[SPARK-51068][SQL] Canonicalized CTEs to avoid cached result not being used and recomputed #50360

nimesh1601 · 2025-03-24T05:15:50Z

What changes were proposed in this pull request?

In this PR we plan to
To check whether the plan exists in the cache or not, CacheManager matches the canonicalized version of the plan. Currently, in canonicalized versions, CTEIds are not handled, which results in unnecessary cache misses in cases where queries using CTE are stored. This issue starts after the commit to Avoid inlining non-deterministic With-CTEs in which each CTERelationDef and CTERelationRef were introduced and their canonicalization was not handled.
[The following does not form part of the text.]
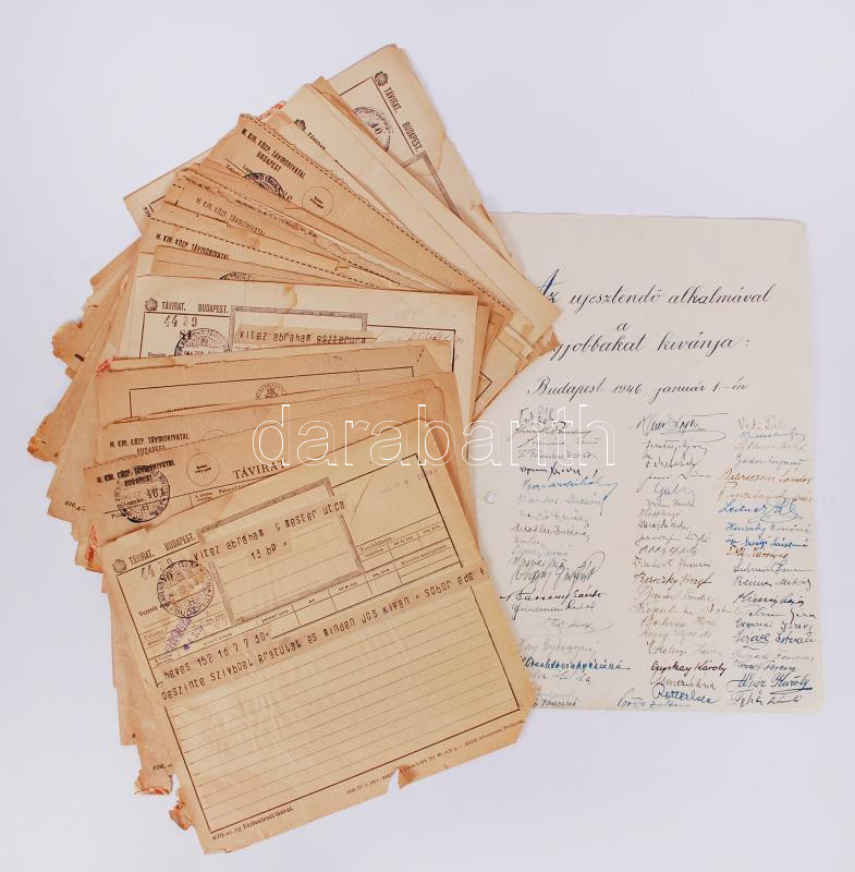 1944-1946 kb 30 db távirat, újévi köszöntő több mint 40 aláírással https://www.darabanth.com/hu/197-Gyorsarveres/197.0/Festmeny-mutargy-papirregiseg-egyeb/Okmanyok~600016/1944-1946-kb-30-db-tavirat-ujevi-koszonto-tobb-mint-40-alairassal~II759279

So to fix this we need to add Canonicalize logic for CTEs too.

Why are the changes needed?

To fix the bug mentioned above.

Does this PR introduce any user-facing change?

Yes, this will now let cache cte to be reused
Before plan

>>>spark.sql("CACHE TABLE cached_cte AS WITH cte1 AS ( SELECT 1 AS id, 'Alice' AS name UNION ALL SELECT 2 AS id, 'Bob' AS name ), cte2 AS ( SELECT 1 AS id, 10 AS score UNION ALL SELECT 2 AS id, 20 AS score ) SELECT cte1.id, cte1.name, cte2.score FROM cte1 JOIN cte2 ON cte1.id = cte2.id");
DataFrame[]
>>> spark.sql("select count(*) from cached_cte").explain()
== Physical Plan ==
AdaptiveSparkPlan isFinalPlan=false
+- HashAggregate(keys=[], functions=[count(1)])
   +- Exchange SinglePartition, ENSURE_REQUIREMENTS, [plan_id=165]
      +- HashAggregate(keys=[], functions=[partial_count(1)])
         +- Project
            +- BroadcastHashJoin [id#120], [id#124], Inner, BuildRight, false
               :- Union
               :  :- Project [1 AS id#120]
               :  :  +- Scan OneRowRelation[]
               :  +- Project [2 AS id#122]
               :     +- Scan OneRowRelation[]
               +- BroadcastExchange HashedRelationBroadcastMode(List(cast(input[0, int, false] as bigint)),false), [plan_id=160]
                  +- Union
                     :- Project [1 AS id#124]
                     :  +- Scan OneRowRelation[]
                     +- Project [2 AS id#126]
                        +- Scan OneRowRelation[]

After this change

>>> spark.sql("CACHE TABLE cached_cte AS WITH cte1 AS ( SELECT 1 AS id, 'Alice' AS name UNION ALL SELECT 2 AS id, 'Bob' AS name ), cte2 AS ( SELECT 1 AS id, 10 AS score UNION ALL SELECT 2 AS id, 20 AS score ) SELECT cte1.id, cte1.name, cte2.score FROM cte1 JOIN cte2 ON cte1.id = cte2.id");
DataFrame[]
>>> spark.sql("select count(*) from cached_cte").explain()
== Physical Plan ==
AdaptiveSparkPlan isFinalPlan=false
+- HashAggregate(keys=[], functions=[count(1)])
   +- Exchange SinglePartition, ENSURE_REQUIREMENTS, [plan_id=116]
      +- HashAggregate(keys=[], functions=[partial_count(1)])
         +- Scan In-memory table cached_cte
               +- InMemoryRelation [id#128, name#129, score#130], StorageLevel(disk, memory, deserialized, 1 replicas)
                     +- *(5) Project [id#8, name#9, score#13]
                        +- *(5) BroadcastHashJoin [id#8], [id#12], Inner, BuildRight, false
                           :- Union
                           :  :- *(1) Project [1 AS id#8, Alice AS name#9]
                           :  :  +- *(1) Scan OneRowRelation[]
                           :  +- *(2) Project [2 AS id#10, Bob AS name#11]
                           :     +- *(2) Scan OneRowRelation[]
                           +- BroadcastExchange HashedRelationBroadcastMode(List(cast(input[0, int, false] as bigint)),false), [plan_id=60]
                              +- Union
                                 :- *(3) Project [1 AS id#12, 10 AS score#13]
                                 :  +- *(3) Scan OneRowRelation[]
                                 +- *(4) Project [2 AS id#14, 20 AS score#15]
                                    +- *(4) Scan OneRowRelation[]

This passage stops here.